Шрифт:
Интервал:
Закладка:
– Тут вы правы. Видите этот шрам? – указывает он на мой правый бок на картине. – Мы как-то поехали в городской парк кататься на велосипедах. На протоптанную дорожку выскочила белка и прям под колеса Селин. Она упала и приземлилась весьма неудачно – на сухую ветвь. Та буквально вонзилась ей в ребра! И знаете, что? Эта девушка не проронила и слезинки. Хотя ей было больно!
– Да вы что! – подыгрывает Марк. – Ни одной слезинки?
– Даже капельки! – кивает Роберт.
– Я не плакала, потому что потеряла сознание! – рычу нетерпеливо. – Роберт, заканчивай! – приказываю, подталкивая его назад. Но он берет меня за руку, поднимает её к своим губам и оставляет на пальцах нежный поцелуй. – Слушай, может, хватит уже? Мы насмотрелись и наслушались тебя сполна…
– Ну, что ты! – смеется Марк. – Это же так любопытно. Непревзойденный художник посвятил тебе столько своих работ! Так и что же было дальше, Роберт? Про белку и Селин.
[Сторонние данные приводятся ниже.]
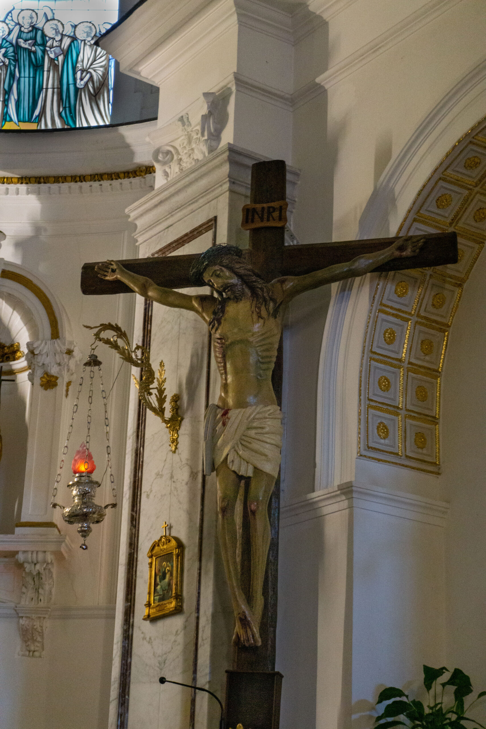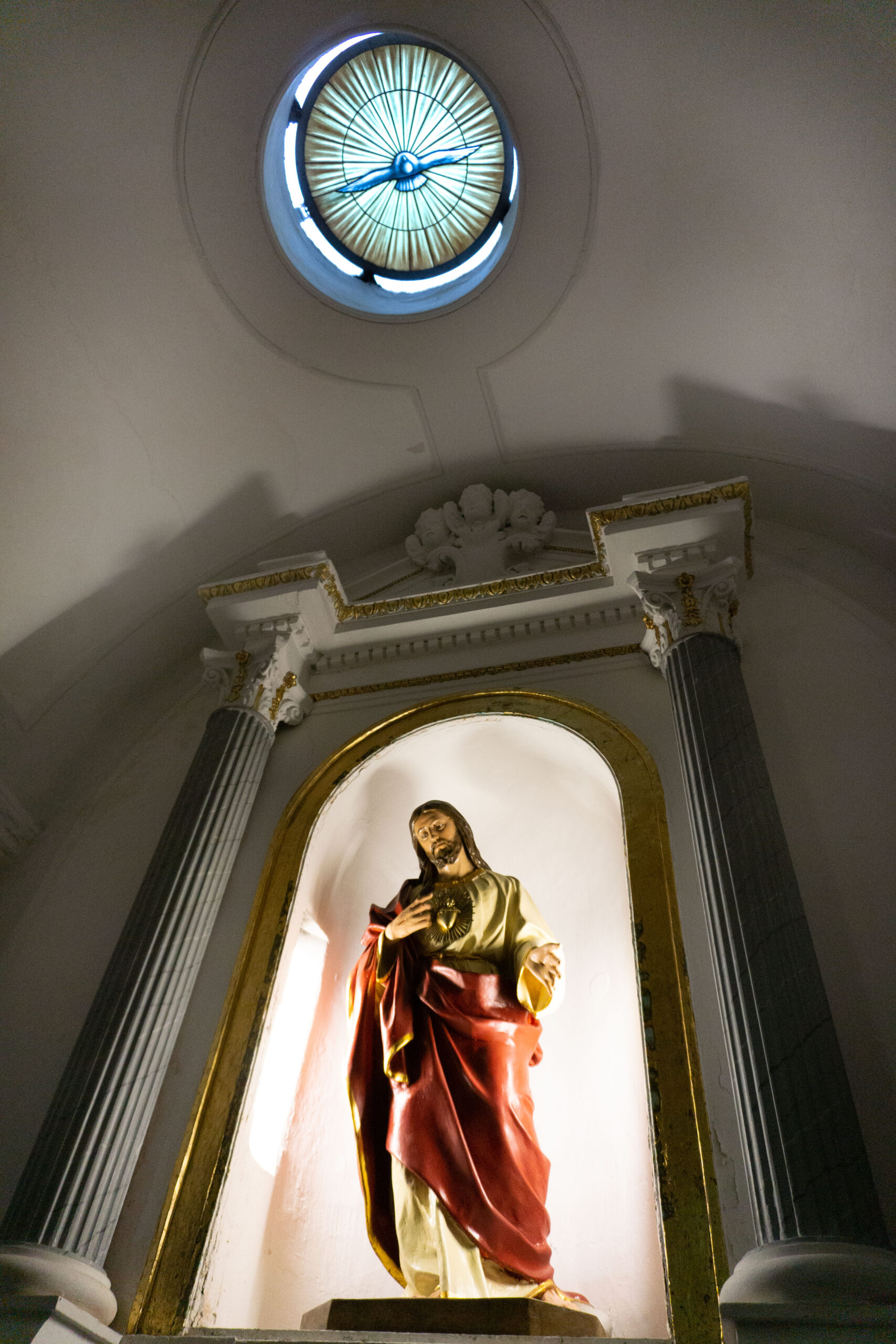 Two upper stained glass windows also shine onto the altar and religious paintings adorn the ceiling and above the altar.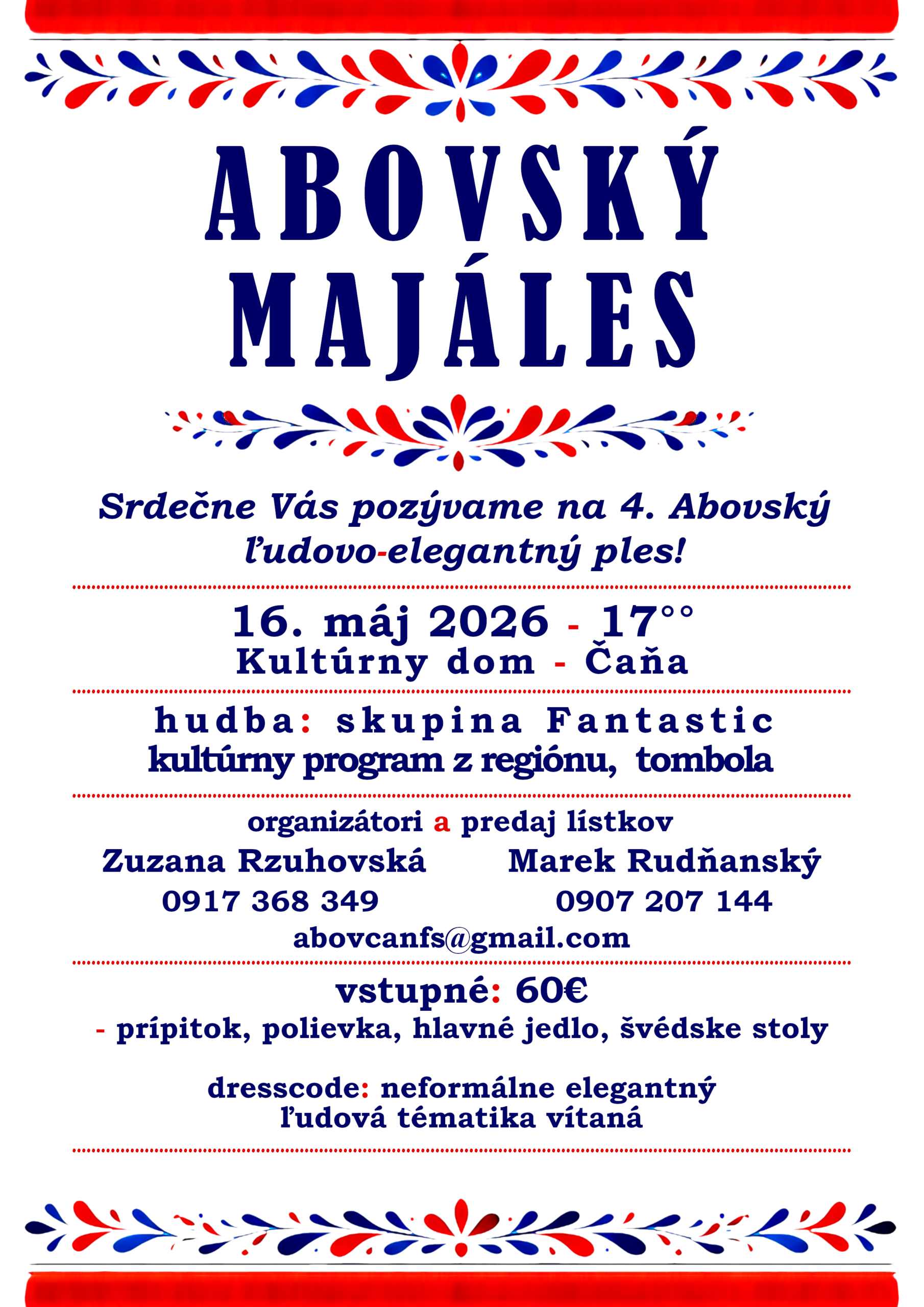 Srdečne vás pozývame na 4. ročník Abovského folklórneho plesu, ktorý sa uskutoční 16. mája 2026 o 17:00 hod. v Kultúrnom dome Čaňa.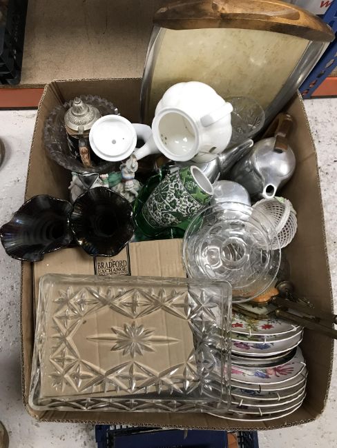 A box containing a piquot ware tea set, pair of carnival glass type vases, various collectors' plates, ornaments, etc, together with 20TH CENTURY ENGLISH SCHOOL "Woodland with river and footbridge", oil on canvas, unsigned, 51 cm x 92 cm (1 box and 1 painting)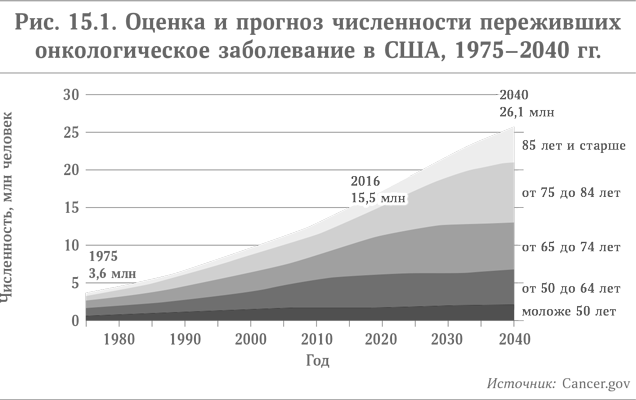 В 1970-х гг. шансы на выздоровление ракового больного были ниже 50 %. Сейчас они значительно выше: по данным Американского онкологического общества, за пятилетний период доля выживших взрослых больных составляет 67 %. Но при этом прогнозируется, что к 2050 г. число людей с онкологическими диагнозами почти удвоится в связи со старением населения (Edwards et al., 2002) и диагностикой на ранних стадиях.
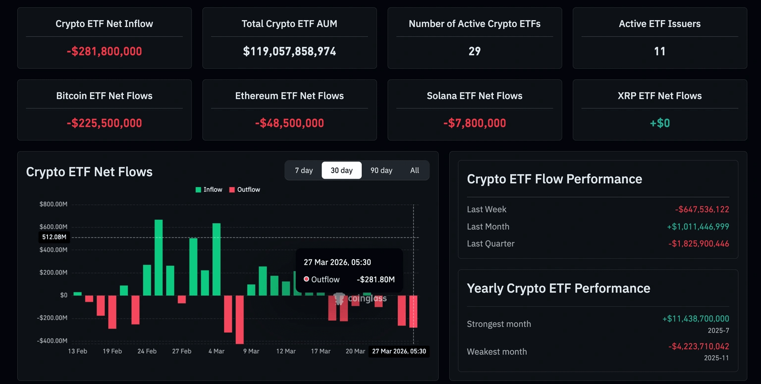 此外,CoinGlass 数据显示,机构对加密资产的需求仍然疲弱,而衍生品市场则在比特币关键价位附近出现头寸堆积。上周五,加密 ETF 净流出 2.818 亿美元,其中比特币 ETF 流出 2.255 亿美元,令全周所有加密 ETF 的总流出规模达到 6.47 亿美元。

– Белка и Селин, – смеется Роберт. – А дальше мы вызвали скорую и уехали в больницу. И вот уже вечер, я жду в коридоре травмпункта, вокруг сломанные руки, ноги, вывихи, рассечения – страх божий. И вдруг из кабинета, куда забрали Селин выходит доктор и медсестра. Пользуясь ситуацией, я открыл дверь, чтобы спросить, как она, но увидел нечто совершенно поразительное.
Я помню эту историю и, по правде говоря, ничего «поразительного» в ней не было. За исключением тупорылой белки, которая решила покончить жизнь самоубийством и выбрала для этого колеса именно моего велосипеда!
– Я увидел одиночество, – говорит Роберт, долго и вдумчиво глядя на Марка. – Она лежала на кушетке, именно в такой позе, – указывает он на картину. – Взгляните в её глаза! В них столько печали, что сердце может остановиться. Я был рядом с ней, поддерживал её, вот только Селин всё равно чувствовала себя одинокой. Она молча лежала и смотрела на меня, а я был очарован ей до кончиков волос.
Что. За. Хрень.
– Удивительно, – брякает Марк и прочищает горло, будто едва сдерживает смех. Он делает «кхм» и прикрывая рот кулаком. – Только вот я не понял кое-что. Она что, лежала на кушетке совсем голая?
– Нет! – вручаю ему свой стакан с колой, едва не испачкав темную водолазку. – Я была одета! Будь добр, избавься от напитка!
– Она была одета! – успевает ответить Роберт. – Но я всегда вижу Селин в её истинном…
Хватаю Роберта за руку и буквально вытаскиваю его из сгустившейся толпы гостей, которые за время этого бестолкового разговора собрались у последней, пожалуй, самой громоздкой картины.
– Ты в курсе, что я хочу придушить тебя, Роб? В курсе, нет?
– Брось! Что в этом такого? Я же тебе всегда говорил, что ты вдохновляешь меня.
– На что именно? Болтать обо мне неизвестно с кем и мои сиськи кисточкой гладить?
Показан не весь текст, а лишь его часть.